9. The transfer method according to claim 8, wherein said transferring a plurality of said micro-components from said donor substrate using a transfer device comprises:

performing performance testing on a plurality of the micro-components to obtain a plurality of the micro-components with passed performance testing and failed performance testing;

a temperature control sub-circuit in the control circuit corresponding to the micro-component failing in performance test controls the adhesive member corresponding to the adhesive member to fail in adhesion, so as to release the plurality of micro-components failing in performance test;

and transferring the plurality of micro-components passing the performance detection to a preset position of a target substrate.

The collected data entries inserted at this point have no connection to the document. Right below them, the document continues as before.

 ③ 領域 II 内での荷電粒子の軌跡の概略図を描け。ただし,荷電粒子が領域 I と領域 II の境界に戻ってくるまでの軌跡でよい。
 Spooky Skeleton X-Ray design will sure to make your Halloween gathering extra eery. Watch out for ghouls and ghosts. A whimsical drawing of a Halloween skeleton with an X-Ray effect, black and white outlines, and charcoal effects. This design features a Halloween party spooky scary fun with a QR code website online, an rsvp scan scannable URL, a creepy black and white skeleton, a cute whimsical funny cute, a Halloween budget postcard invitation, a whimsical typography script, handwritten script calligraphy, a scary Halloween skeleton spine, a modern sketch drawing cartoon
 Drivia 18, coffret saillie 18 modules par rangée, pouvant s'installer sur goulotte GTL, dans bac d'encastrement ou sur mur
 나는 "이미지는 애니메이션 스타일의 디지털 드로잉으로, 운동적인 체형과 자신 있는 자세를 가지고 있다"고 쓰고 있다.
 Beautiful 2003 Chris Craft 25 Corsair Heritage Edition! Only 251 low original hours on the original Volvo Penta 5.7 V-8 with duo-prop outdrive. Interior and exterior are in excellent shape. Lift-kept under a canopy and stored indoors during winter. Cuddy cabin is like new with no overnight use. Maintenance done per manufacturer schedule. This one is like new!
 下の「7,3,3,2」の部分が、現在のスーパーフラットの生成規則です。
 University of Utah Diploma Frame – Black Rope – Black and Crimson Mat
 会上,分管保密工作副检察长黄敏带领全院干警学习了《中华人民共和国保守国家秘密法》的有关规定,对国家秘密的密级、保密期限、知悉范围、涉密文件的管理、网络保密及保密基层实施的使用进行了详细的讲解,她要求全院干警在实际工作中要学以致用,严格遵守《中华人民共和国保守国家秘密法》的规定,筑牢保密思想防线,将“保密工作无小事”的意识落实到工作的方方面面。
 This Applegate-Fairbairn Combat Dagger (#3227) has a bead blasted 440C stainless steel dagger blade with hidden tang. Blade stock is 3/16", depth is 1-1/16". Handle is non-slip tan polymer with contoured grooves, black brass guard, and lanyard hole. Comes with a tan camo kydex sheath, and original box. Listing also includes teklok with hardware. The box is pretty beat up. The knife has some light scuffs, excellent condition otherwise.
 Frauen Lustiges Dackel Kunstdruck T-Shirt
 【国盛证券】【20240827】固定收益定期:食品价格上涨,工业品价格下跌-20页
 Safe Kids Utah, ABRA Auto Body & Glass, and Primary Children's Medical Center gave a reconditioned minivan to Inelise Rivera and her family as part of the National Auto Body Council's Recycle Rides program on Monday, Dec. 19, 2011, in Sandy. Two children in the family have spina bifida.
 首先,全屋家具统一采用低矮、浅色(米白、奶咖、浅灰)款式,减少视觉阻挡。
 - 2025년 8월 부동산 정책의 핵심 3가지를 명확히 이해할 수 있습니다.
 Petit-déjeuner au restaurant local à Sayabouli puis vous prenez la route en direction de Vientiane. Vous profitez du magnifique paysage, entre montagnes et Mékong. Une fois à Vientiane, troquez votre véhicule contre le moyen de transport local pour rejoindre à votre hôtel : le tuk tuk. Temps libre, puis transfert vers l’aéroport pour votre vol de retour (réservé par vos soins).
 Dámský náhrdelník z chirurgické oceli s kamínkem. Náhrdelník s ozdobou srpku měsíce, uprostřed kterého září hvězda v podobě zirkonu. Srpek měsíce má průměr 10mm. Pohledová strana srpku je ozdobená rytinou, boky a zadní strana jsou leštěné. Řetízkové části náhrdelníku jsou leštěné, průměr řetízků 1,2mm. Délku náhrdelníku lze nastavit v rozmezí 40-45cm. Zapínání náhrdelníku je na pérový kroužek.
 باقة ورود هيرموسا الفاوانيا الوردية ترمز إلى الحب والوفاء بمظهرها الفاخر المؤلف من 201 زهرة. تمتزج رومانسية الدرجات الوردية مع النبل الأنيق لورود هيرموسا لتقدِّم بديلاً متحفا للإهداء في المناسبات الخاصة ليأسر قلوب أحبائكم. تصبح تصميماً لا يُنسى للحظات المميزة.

10. The transfer method according to claim 9,

the micro element is a vertical micro light-emitting diode chip, and two electrodes of the micro light-emitting diode chip are respectively positioned on two opposite sides of the micro light-emitting diode chip;

the performance detection of the plurality of the micro-components comprises the following steps: arranging a conductive temporary substrate on the other side of the plurality of micro light-emitting diode chips, wherein one electrode of each micro light-emitting diode chip is in contact with the conductor arranged in the adhesive member, and the other electrode of each micro light-emitting diode chip is in contact with the conductive temporary substrate; the conductors in the adhesive member and the conductive temporary substrate simultaneously apply voltage/current to the two electrodes of the micro light emitting diode chip; if the performance of the micro light-emitting diode chip meets the preset condition, judging that the performance of the micro light-emitting diode chip passes; otherwise, judging that the performance of the micro light-emitting diode chip does not pass.

11. The transfer method according to claim 9, characterized in that said micro-component is a lateral micro-led chip, the two electrodes of said micro-led chip being located on the same side of said micro-led chip;

the performance detection of the plurality of the micro-components comprises the following steps: the two electrodes of the micro light-emitting diode chip are respectively contacted with the adjacent first adhesive member and the second adhesive member, and the conductor in the first adhesive member and the conductor in the second adhesive member simultaneously and respectively apply voltage/current to the two electrodes of the micro light-emitting diode chip; if the performance of the micro light-emitting diode chip meets a preset condition, judging that the performance of the micro light-emitting diode chip passes; otherwise, judging that the performance of the micro light-emitting diode chip does not pass.

12. The transfer method according to claim 11, wherein the transferring the plurality of microcomponents whose performances have passed through the inspection to the predetermined positions of the target substrate comprises:

the transfer device transfers the micro light-emitting diodes with passed performance detection to the upper part of the conductive temporary substrate, and the temperature control sub-circuit corresponding to the micro light-emitting diode chips with passed performance detection controls the adhesion failure of the corresponding first adhesive part and second adhesive part so as to release the micro light-emitting diode chips to the conductive temporary substrate; arranging an electrostatic or magnetic adsorption device on one side of the conductive temporary substrate far away from the micro light-emitting diode chip so as to adsorb the micro light-emitting diode chip passing the performance detection on the conductive temporary substrate; and enabling one side of the conductive temporary substrate, on which the micro light-emitting diode is adsorbed, to face the target substrate, and enabling two electrodes of the micro light-emitting diode chip to be in contact with the preset position of the target substrate and then releasing the two electrodes.